***** Records provided *****
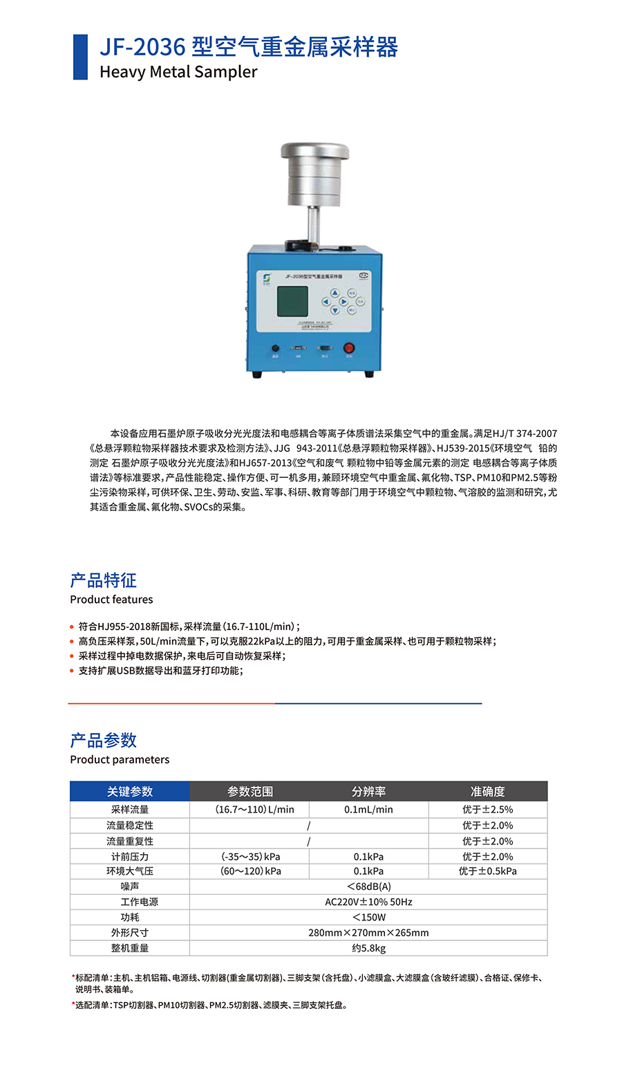 產品描述:本設備應用石墨爐原子吸收分光光度法和電感耦合等離子體質譜法采集空氣中的重金屬。滿足HJ/T 374-2007《總懸浮顆粒物采樣器技術要求及檢測方法》、JJG 943-011《總懸浮 顆粒物采樣器》、HJ539-2015《環境空氣鉛的測定石墨爐原子吸收分光光度法》和......
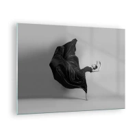 Billede på glas - En danser i en sort kjole svæver dynamisk i luften - 70x50cm - Bevinget af musik - Moderne vægdekoration til stue og soveværelse ARTTOR
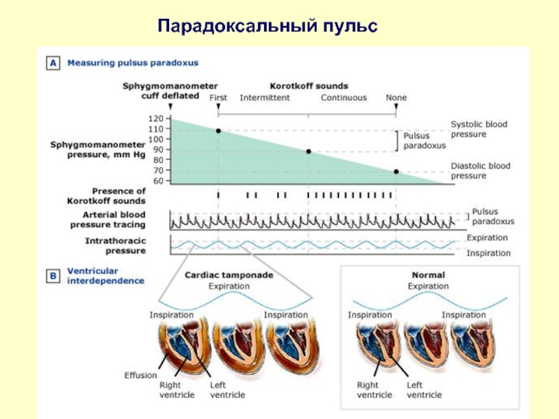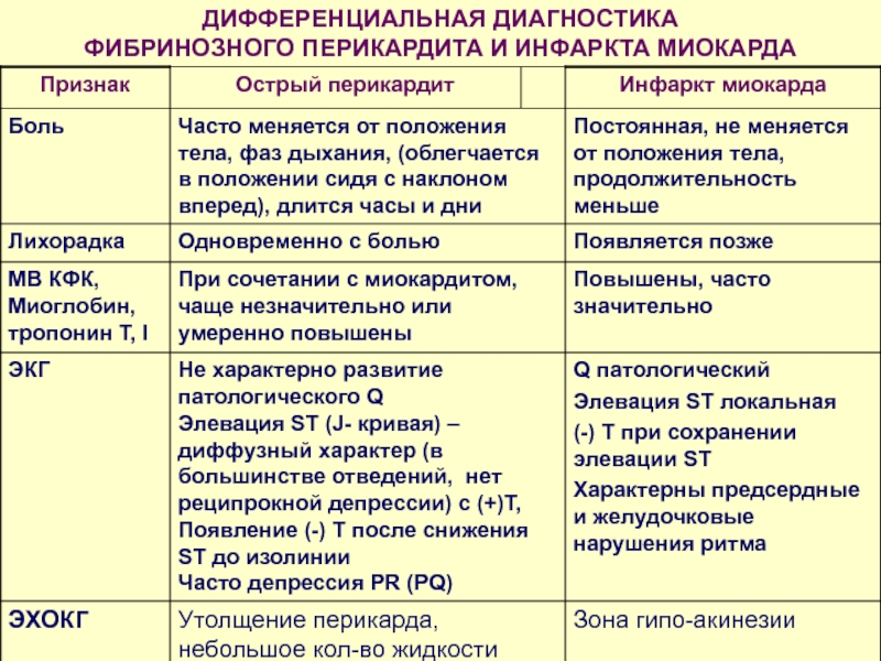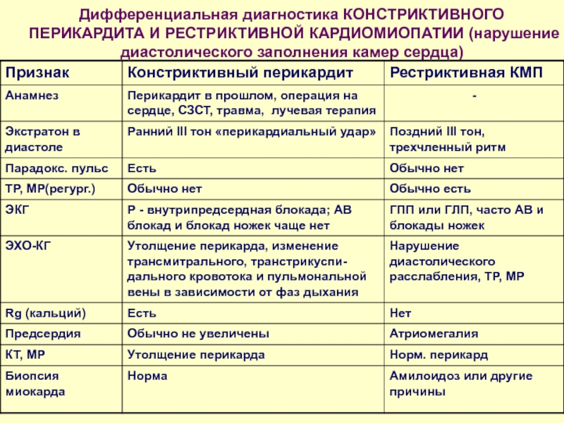 Слайд 71Дифференциальная диагностика КОНСТРИКТИВНОГО ПЕРИКАРДИТА И РЕСТРИКТИВНОЙ КАРДИОМИОПАТИИ (нарушение диастолического заполнения
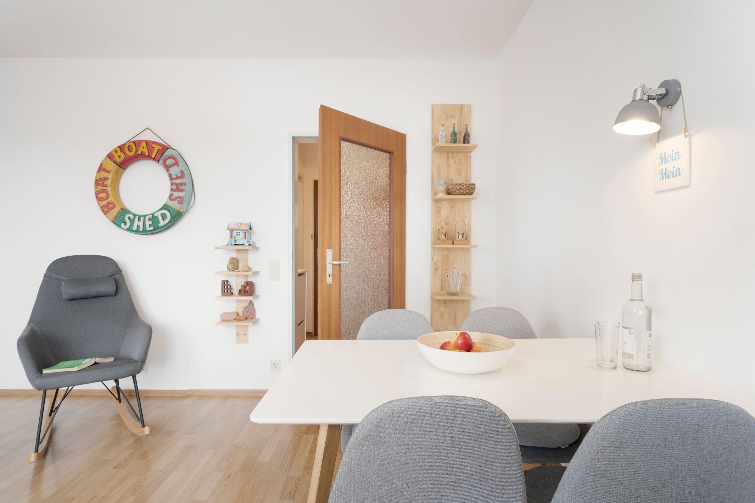 Ein eigener PKW-Außenstellplatz und ein gemeinschaftlicher Fahrradkeller sind vorhanden. Im Keller des Hauses stehen den Gästen des Hauses Seedeich eine Waschmaschine und ein Trockner zur gemeinschaftlichen Nutzung zur Verfügung. Eine Tischtennisplatte ist ebenfalls vorhanden. In der Ferienwohnung steht für die kleinen Gäste ein Hochstuhl bereit. Ein kostenfreier WLAN-Anschluss ist hier ebenfalls inklusive.
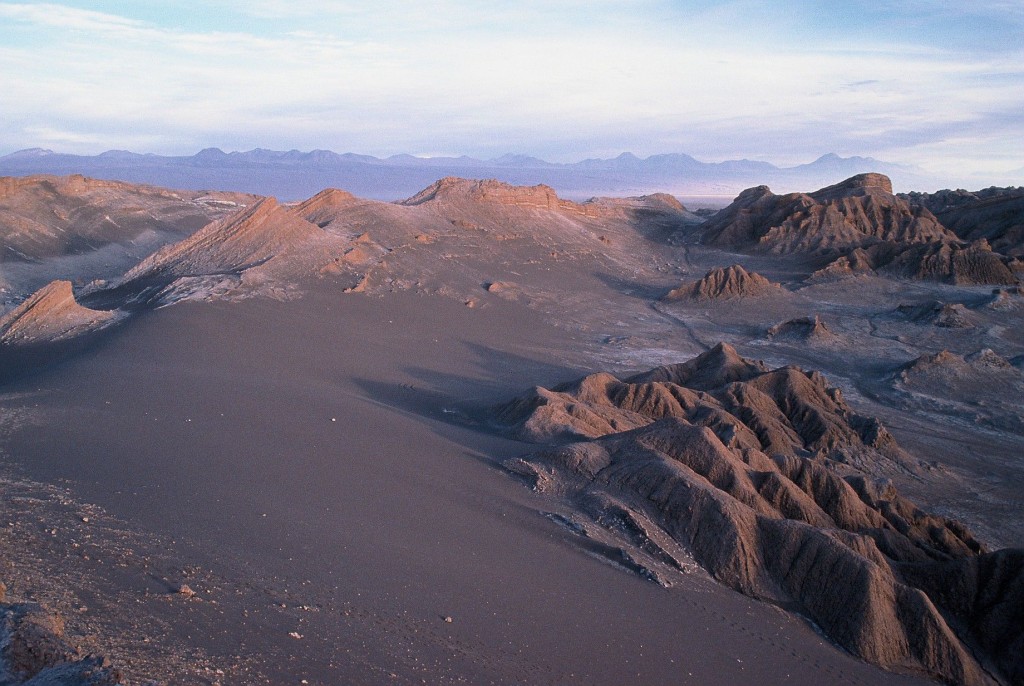 Nous effectuons l’incontournable excursion dans la Vallée de la Lune, située dans le prolongement de la Cordillère de Sel. Elle présente des reliefs étonnants formés par le sel cristallisé, parfois sous forme de croûte ou bien de « sucre glace » recouvrant le sol, ou de reliefs sculptés sur les flancs de falaises style « chou-fleur ». Blocs et écorces de sel, blancs à l’origine puis colorés par la poussière et le sable apportés par le vent. Gorges, canyons, plateaux… dunes par endroits… dans la lumière chaude et orangée de la fin d’après-midi puis du soleil couchant, dans une atmosphère transparente, avec en toile de fond le Licancabur. La lune se lève ; l’endroit, minéral, est exceptionnellement aride.
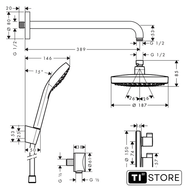| Диаметр (ширина) верхнего душа | 180 мм |
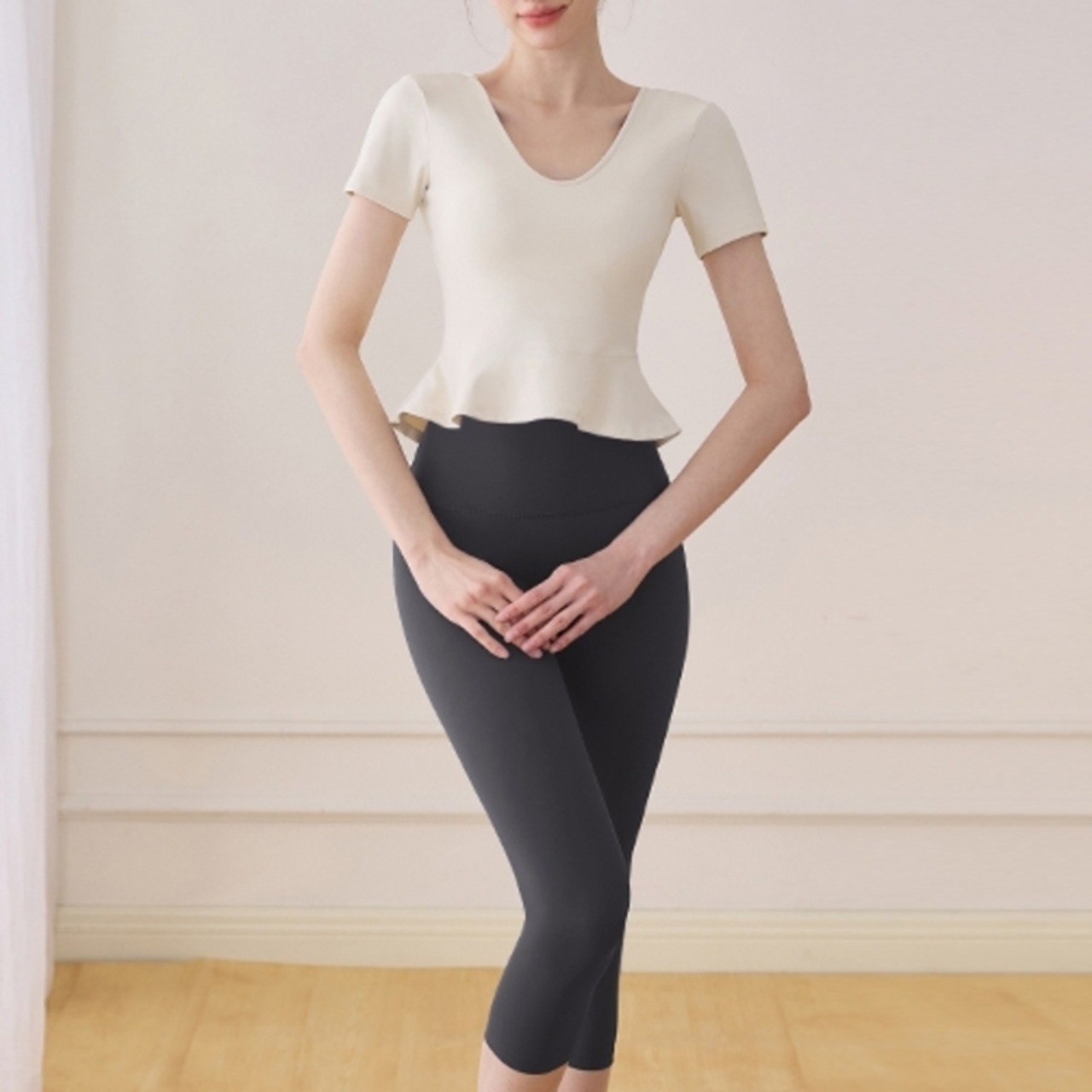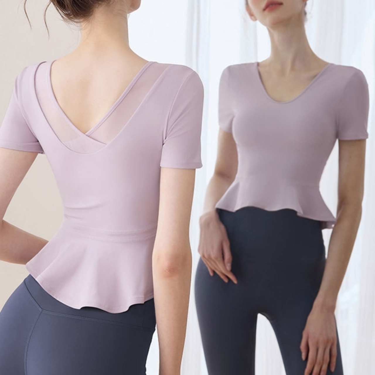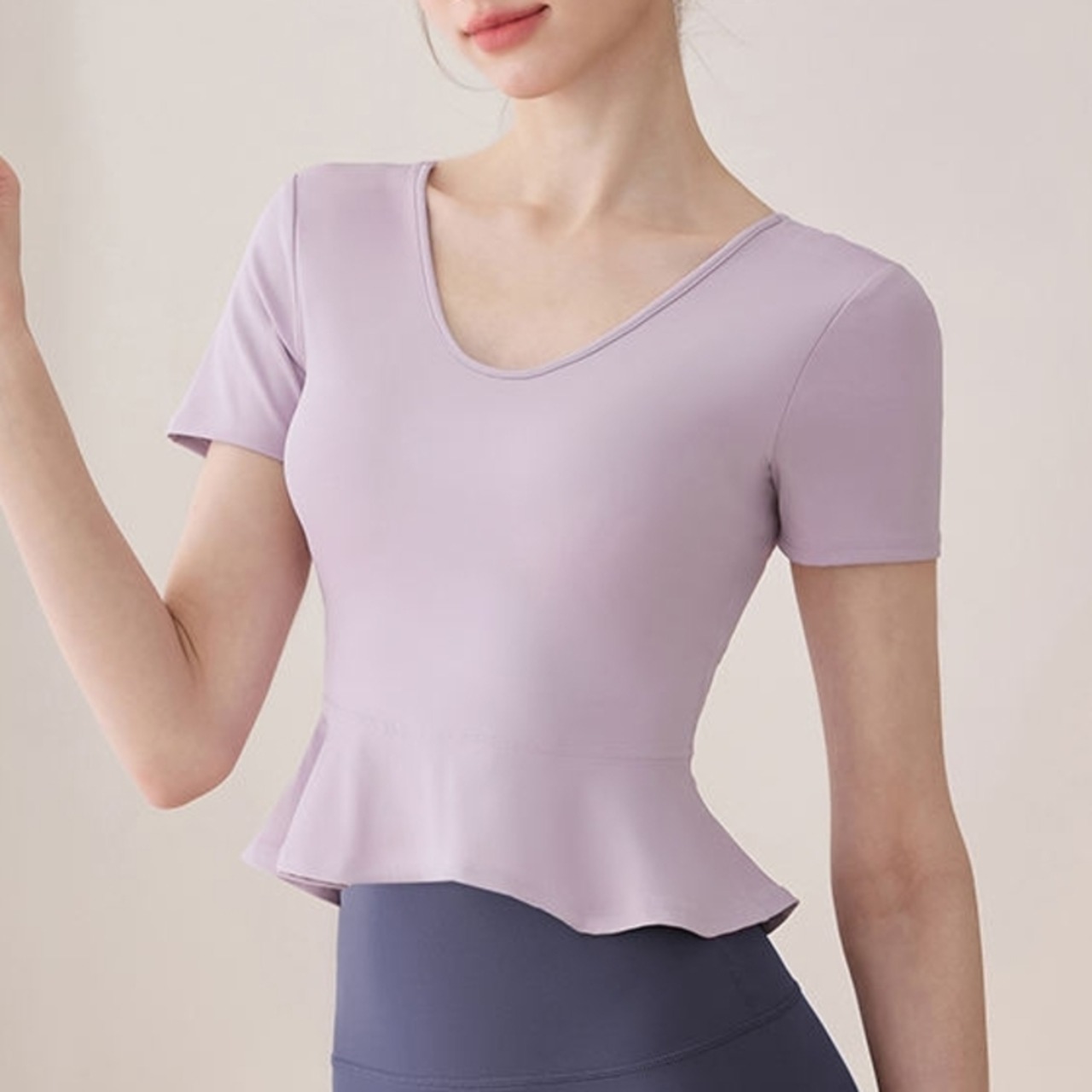 ペプラムヘム ショートスリーブ Vネックトップス *2col* Y0263 ペプラムヘムが女性らしいシルエットを演出する、Vネックショートスリーブトップス。 身体のラインを美しく見せるクロップド丈でありながら、裾のペプラムデザインが気になるお腹周りを自然にカバーします。 レッスンやワークアウト、普段使いと、幅広いシーンで活躍する一枚です。 □サイズ 【S】ウエスト:72cm 着丈:42.5cm 【M】ウエスト:76cm 着丈:43.5cm 【L】ウエスト:80cm 着丈:44.5cm 【XL】ウエスト:84cm 着丈:45.5cm ※海外製品のため1-3cm程度誤差のある場合がございます。 □カラー パープル ホワイト □素材 ナイロン ポリウレタン □お届けについて こちらの商品は海外店舗より直接発送となる為、ご入金から1週間〜3週間前後で発送致します。 □注意事項 ・タイミングによっては 商品在庫切れにより注文キャンセルとさせていただく恐れもございますので、予めご了承くださいませ。 ・こちらは輸入品となります。日本製とは検品基準が異なる為、新品未使用品でもごくわずかな汚れや傷がある場合もございます。 ・商品の色味は、お手持ちのスマートフォンの画面によって実物と若干異なる場合がございます。 ・イメージ違いやサイズ等、お客様都合による交換、返品、キャンセルは対応出来かねます。 ———————————— ご購入前にこちらをお読みください →https://shop.99yoga-a.com/about ————————————
*****
**Exercise directions**
Output every record above exactly, leaving out the pictures.

**Response to this exercise**
 產品描述:本設備應用石墨爐原子吸收分光光度法和電感耦合等離子體質譜法采集空氣中的重金屬。滿足HJ/T 374-2007《總懸浮顆粒物采樣器技術要求及檢測方法》、JJG 943-011《總懸浮 顆粒物采樣器》、HJ539-2015《環境空氣鉛的測定石墨爐原子吸收分光光度法》和......
 Billede på glas - En danser i en sort kjole svæver dynamisk i luften - 70x50cm - Bevinget af musik - Moderne vægdekoration til stue og soveværelse ARTTOR
 Слайд 71Дифференциальная диагностика КОНСТРИКТИВНОГО ПЕРИКАРДИТА И РЕСТРИКТИВНОЙ КАРДИОМИОПАТИИ (нарушение диастолического заполнения
 Ein eigener PKW-Außenstellplatz und ein gemeinschaftlicher Fahrradkeller sind vorhanden. Im Keller des Hauses stehen den Gästen des Hauses Seedeich eine Waschmaschine und ein Trockner zur gemeinschaftlichen Nutzung zur Verfügung. Eine Tischtennisplatte ist ebenfalls vorhanden. In der Ferienwohnung steht für die kleinen Gäste ein Hochstuhl bereit. Ein kostenfreier WLAN-Anschluss ist hier ebenfalls inklusive.
 Nous effectuons l’incontournable excursion dans la Vallée de la Lune, située dans le prolongement de la Cordillère de Sel. Elle présente des reliefs étonnants formés par le sel cristallisé, parfois sous forme de croûte ou bien de « sucre glace » recouvrant le sol, ou de reliefs sculptés sur les flancs de falaises style « chou-fleur ». Blocs et écorces de sel, blancs à l’origine puis colorés par la poussière et le sable apportés par le vent. Gorges, canyons, plateaux… dunes par endroits… dans la lumière chaude et orangée de la fin d’après-midi puis du soleil couchant, dans une atmosphère transparente, avec en toile de fond le Licancabur. La lune se lève ; l’endroit, minéral, est exceptionnellement aride.
| Диаметр (ширина) верхнего душа | 180 мм |
 ペプラムヘム ショートスリーブ Vネックトップス *2col* Y0263 ペプラムヘムが女性らしいシルエットを演出する、Vネックショートスリーブトップス。 身体のラインを美しく見せるクロップド丈でありながら、裾のペプラムデザインが気になるお腹周りを自然にカバーします。 レッスンやワークアウト、普段使いと、幅広いシーンで活躍する一枚です。 □サイズ 【S】ウエスト:72cm 着丈:42.5cm 【M】ウエスト:76cm 着丈:43.5cm 【L】ウエスト:80cm 着丈:44.5cm 【XL】ウエスト:84cm 着丈:45.5cm ※海外製品のため1-3cm程度誤差のある場合がございます。 □カラー パープル ホワイト □素材 ナイロン ポリウレタン □お届けについて こちらの商品は海外店舗より直接発送となる為、ご入金から1週間〜3週間前後で発送致します。 □注意事項 ・タイミングによっては 商品在庫切れにより注文キャンセルとさせていただく恐れもございますので、予めご了承くださいませ。 ・こちらは輸入品となります。日本製とは検品基準が異なる為、新品未使用品でもごくわずかな汚れや傷がある場合もございます。 ・商品の色味は、お手持ちのスマートフォンの画面によって実物と若干異なる場合がございます。 ・イメージ違いやサイズ等、お客様都合による交換、返品、キャンセルは対応出来かねます。 ———————————— ご購入前にこちらをお読みください →https://shop.99yoga-a.com/about ————————————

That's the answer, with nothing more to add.